When my husband hurts me and refuses to deal with the problem or try to find a resolution, I go quiet. While the issue remains unresolved, he gets angry with me when I won't do things with him that he wants to do, like go out to dinner with friends or take a day trip or do some of the outdoor activities we like to do together. What I am looking for is a different perspective because when he wants me to do things with him, to set aside how I'm feeling so he can still do the things he enjoys or we enjoyed together, he makes me feel like he doesn't care that we're having a problem, he makes me feel like he just cares that I don't stop his fun. (Which he has said to me in the past) How do I go to dinner with friends and pretend that everything's fine? How do I go on a day trip with him just the two of us and pretend like I'm having a good time?
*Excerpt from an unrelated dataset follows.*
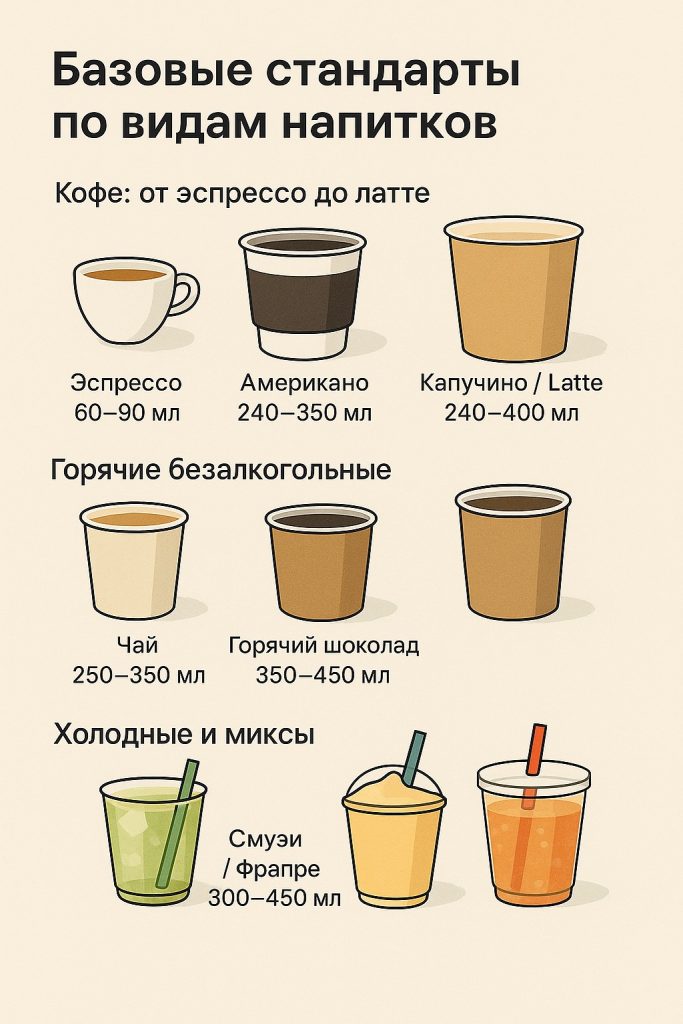 Правильный выбор объёма — это вкусовой баланс напитка, удобство гостя и управляемая себестоимость. Разные рецептуры требуют своих размеров: эспрессо не подают в «смузи-формате», а латте не поместится в мини-чашке.

I don't understand, am I seeing this all wrong?


----------



## notmyjamie (Feb 5, 2019)

You don't. He wants you to forget his treatment of you and therefore he suffers no consequences of his behavior towards you. That is totally ridiculous. 

This is not your problem, it's HIS. I don't know anybody who would want to put aside a serious problem and anger with someone and pretend everything is all okay for a day so the other person can have an enjoyable day. F that. Resolve the issues and then celebrate by having a nice day together.


----------



## jjj858 (Jun 18, 2021)

How is he hurting you and in what context? Need to know more of what it is he’s doing specifically to understand. What are these arguments about?


----------



## SeeMoore (Sep 11, 2021)

notmyjamie said:


> You don't. He wants you to forget his treatment of you and therefore he suffers no consequences of his behavior towards you. That is totally ridiculous.
> 
> This is not your problem, it's HIS. I don't know anybody who would want to put aside a serious problem and anger with someone and pretend everything is all okay for a day so the other person can have an enjoyable day. F that. Resolve the issues and then celebrate by having a nice day together.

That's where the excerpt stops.